Benchmark U.S. Treasurys remained higher after the release of the Federal Reserve's Beige Book report on Wednesday.
In the report of anecdotal information on business activity collected from contacts across the nation, the central bank said six of its 12 districts reported economic growth as "moderate.''
Labor market conditions, as measured by hiring trends, were reported to be relatively unchanged from generally modest rates in most districts, the Fed said.
In afternoon trading, U.S 10-year Treasury notes rose 3/32 in price to yield 2.41 percent. Yields earlier hit 2.46 percent, the highest since Aug 13.
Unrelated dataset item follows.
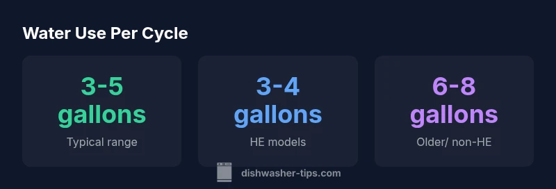 According to Dishwasher Tips, most modern dishwashers use about 3-5 gallons per cycle, with high-efficiency models closer to 3-4 gallons. If you ask 'how many gallons of water does dishwasher use?', the answer depends on cycle selection, load size, soil level, and water pressure. In practice, newer models are engineered to conserve water while maintaining cleaning performance. Energy Star labels help shoppers compare per-cycle figures, but real usage varies with how you load dishes and whether you pre-rinse. Across households, routines and water pressure can swing actual numbers by a gallon or two per cycle.

U.S. 30-year Treasury bonds gained 8/32 in price to yield 3.16 percent, having earlier climbed to a two-week peak of 3.21 percent.
Russian President Vladimir Putin said on Wednesday a deal to end fighting in eastern Ukraine could be reached this week, a clear attempt to show the West he was trying to deescalate the conflict despite renewed shelling.
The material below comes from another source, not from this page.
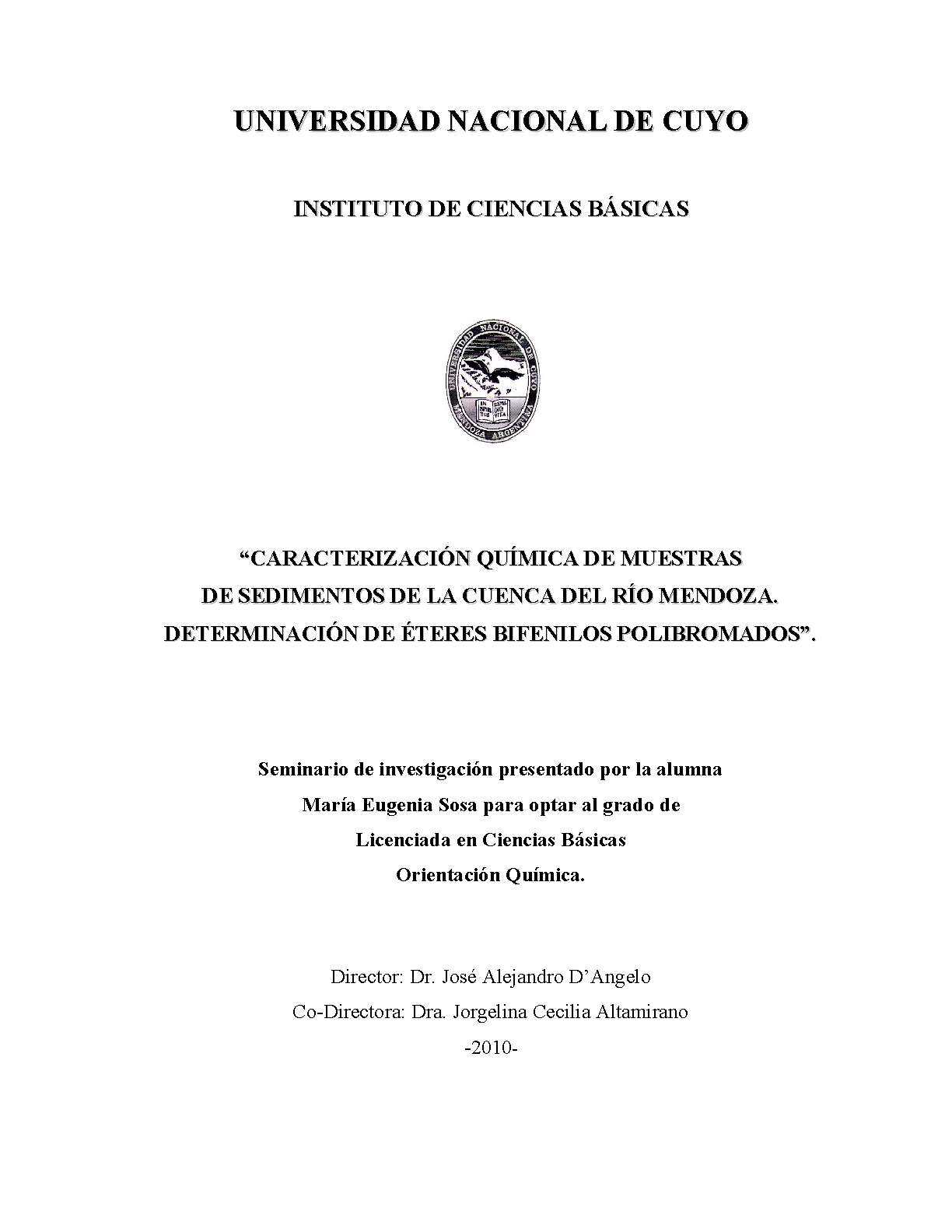El presente trabajo se enfoca en la caracterización química de sedimentos de la cuenca del Rio Mendoza y su correlación con el contenido de compuestos retardadores de fuego polibromados (BFR), específicamente éteres bifenilos policromados (PBDEs).

"There has been a step forward on this end," said David Keeble, global head of interest rates strategy, at Credit Agricole in New York. "Putin does seem to be making the right noises and that hasn't been seen for a long, long time."
At the same time, Treasury yields were boosted by an onslaught of U.S. corporate debt issuance in September, after a quiet summer. There were about $21 billion in U.S. corporate bond issues announced on Tuesday and more new deals were identified on Wednesday, including a $1.25 billion bond issue from Lowe's Cos.
U.S. corporate bond supply have pushed the entire yield spectrum higher, Keeble said.
"The corporate supply calendar is pretty heavy," said Keeble. "The docket is filling up quite quickly, as well, and that is putting a little upward pressure on yields."